Single Payer is the best way we can extract our nation from the grip of corporate greed that has, as its basis, profits before people. The health insurance industry does not provide one ounce of direct health care. They interfere with a person's choice of doctors, and they practice medicine without a license by defining for physicians and other health care providers what they will and will not cover. An interesting study by Taxpayers Against Fraud, www.TAF.org listed the top 20 defrauders of the taxpayer and the government in terms of dollars. Nineteen of the 20 were in some health related for profit industry. And this is the model we want to use as the foundation of our health care system?
I think I need to go further back in history than the Civil Rights movement. What we need is an Emancipation Proclamation,(no not complete enough coverage). Maybe we ought to ask some constitutional scholars if the current plan as proposed violates the 13th Amendment prohibiting slavery. Because enslaved is what we are now, and further enslaved is what we shall become with this gift to the insurance companies. They're laughing all the way to the bank from the millions of new policies being delivered to them on a platter.
I believe, before any vote is taken on this, we need to insist on a full, respectful publicly broadcast hearing on Single Payer HR 676. The single payer advocates were shut out of the first hearings on health reform and put behind their own goal line on President Obama's "level playing field" when he put a gag order on it. This issue may represent 17% of the economy (and single payer IS a cost-saver), but it affects 100% of the population.
No action should be taken on this bill before that is done and the merits of single payer examined openly and fairly. And just to be fair, this time the industry representatives will be "uninvited".
I hate to see the good provisions of the current bill held hostage. We desperately need the expansion of the community health centers to provide primary care and doctors to underserved areas. There is a separate bill already filed for that which could be considered.

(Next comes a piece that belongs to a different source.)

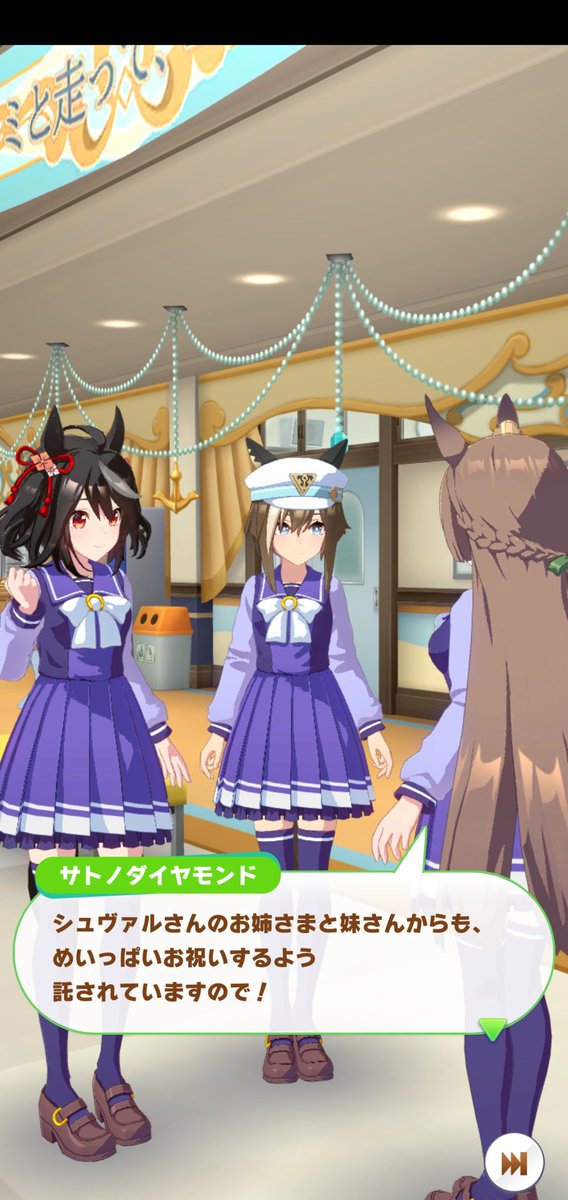 シュヴァルちゃん、誕生日おめでとう!前からも姉妹(兄弟)匂わせてましたが、しっかりゲーム内でも言ってますね…
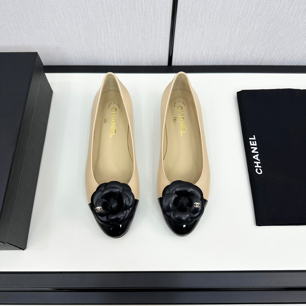 ballet flat flower beige calfskin black patent calfskin

Don't give up on SINGLE PAYER!!! As Alice Walker says, "The most common way that people give up their power is to think they don't have any." For the most comprehensive information on single payer go to Physicians for a National Health Program www.pnhp.org. They've been working on this for 25 years! And God bless Bill Moyers for being one of the few journalists to give them a voice. You can view or download transcripts of the 3 or 4 shows he has dedicated to this at the PBS website (Bill Moyers Journal).
So, my final synthesis of the current proposed legislation:
YOU DON'T ABOLISH SLAVERY BY "TWEAKING" THE PLANTATION SYSTEM AND THEN FORCING THE SLAVES TO BUY COTTON.